I am not at all convinced by your premise.

This generality makes discussing product types cumbersome.

The parser can always disambiguate what type is being used for and I haven't seen any evidence that the syntax is confusing for users. Can you expand on why you think it is cumbersome?

dabrahams commented 5 months ago

According to his original post this came from direct experience attempting to talk about it with people. It's not about what the parser can handle; it's about what humans digest easily. And it seems entirely plausible to me; this isn't just any old type. You can't use the keyword to declare any of the non-nominal types and if there's ever first class support for Enums you won't use it there either.

kyouko-taiga commented 5 months ago

I guess won't object too strongly to a name that has no connotation with a data structure having a known layout, either in terms of memory placement or fields order. type declares an abstraction with an interface that lets you interact with its state. Users of that abstraction are in general not given any additional information. I really care about this distinction.

After some summary research, I feel like none of the keywords in https://en.wikipedia.org/wiki/Composite_data_type convey that idea IMO.

struct strongly relates with data layout as it's common to hear things like "this thing is just a struct in memory"
class strongly relates to reference semantics as mentioned, and
the other candidates relate to structural data types.

I can offer object without a strong conviction. I like the idea that an object is indeed an encapsulation of some data but the keyword suggests that we're declaring just a single object, not the type of different instances. That's what the keyword means in Scala btw.

This very cool language for generic programming uses impl which is interesting if we admit that most types are the implementation of some concept(s) (i.e. traits). There's the risk of confusion with the keyword meaning something different in Rust, though.

Borrowing from OCaml, there's module, which is a little wild but does represent the idea of an interface with some form representation hiding. It also embraces the idea that a type is some existential implementation of a concept.

But I still think type is the most appropriate option. We could prefix it with opaque if we can't live with the status quo:

opaque type Vector2 { ... }

dabrahams commented 5 months ago

I don't think these will be the only opaque (or nominal, for that matter) types if we have newtype, nor, probably, if we have enum.

I don't think impl works because it's easily interpreted as referring to the inside of the opacity boundary, where the opacity is irrelevant.

module is problematic because we don't have a better word than that for what we've been calling modules.

It also embraces the idea that a type is some existential implementation of a concept.

I don't see how. I also don't believe that's a view we want to encourage for all nominal types, even if it's a theoretically legitimate view. Someone came up to me at WWDC and said “I'm doing protocol-oriented programming” and they had defined a protocol for every one of their types.

Normally, introducers tell you what kind of thing you're describing. This one does not, except at the most general level. I think it's a problem that associated types are declared the same way, when they don't have to be the same kind of thing. C++ had a similar problem: template type parameters were introduced with class, and it confused people. Eventually the language allowed typename instead of class to solve the problem.

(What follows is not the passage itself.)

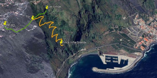 An der TF-82, etwa bei km 4,3 liegt die Arepera La Viñitas. Kurz danach beginnt bei einem kleinen Drachenbaum eine Seitenstraße, die absolut unvermittelt steil bergab geht. Zwischen Gärten und Weinfeldern geht es abwärts. Nach 180m knickt die Straße nach links und nun geht es eben weiter. Man kommt dann zu einem überraschenden Punkt, wo man plötzlich hinunter sieht nach Garachico. Hier endet der Asphalt, und dort wurde eine kleine Ausfahrt mit Steinen gepflastert, damit die Bauern, die hier her müssen, wenden können. Hier beginnt eine steile Piste, die hinunter führt zur Finca La Viña Grande.

IMO it's also a problem that we don't have a specific word to talk about these things in English, that distinguishes them from all the other things. And again, the words “opaque” and “nominal” don't seem durable to language evolution.

A good choice would address both those issues.

tothambrus11 commented 5 months ago

I would need to read up on the memory model, and the reasoning behind type opaqueness, I would appreciate if you could attach some resources.

But for me right now, product type declarations in Hylo and Swift are the concrete types. They are something very simple, and I do have the mental model that they are just represented in memory as a fixed number of bytes. Essentially, they are very simple constructs but we can teach them to do many interesting things - that's where I build on abstractions, and make my type conform to certain traits. Then if I want information hiding, I can pass around my object hidden behind a protocol, which will get translated into the concrete type during monomorphisation.

To me, @kyouko-taiga's point seems to suggest that we would like to, by default, capture the idea of opaqueness right in our concrete type declarations, so we would never be able to refer to just a "dumb struct", but always the struct + its abstraction. A nice property that I see here is that when people refer to object.fieldA they don't refer to an actual field directly, the struct could any time change its representation and make fieldA a computed property without breaking existing code. (I'm not sure how this would work between module and ABI boundaries (will we even have ABIs?)) Is there any other relevant idea that I'm missing?

I think what would happen with a lot of people is that they look at the language construct (having whatever keyword), and just realize "Oh, yes, that's just a struct" - and they would translate it mentally without thinking too much about it. Unless we somehow emphasize the difference and its importance, people might just assume they are the same thing, until a bug hits them in the face.

I can see how choosing a different keyword would make it slightly harder for this to happen, as people would be more curious to learn more about the new thing than something they think they are used to (e.g. they might only skim through the article about struct-s).

I would note that systems programmers would definitely appreciate having nice tools for controlling their memory layout of their types precisely, e.g. if they want to interface with certain hardware using memory mapped IO or they want to send network packets of some form, so it might be useful if they could easily annotate their type with some special attribute that allowed to make those rigid guarantees.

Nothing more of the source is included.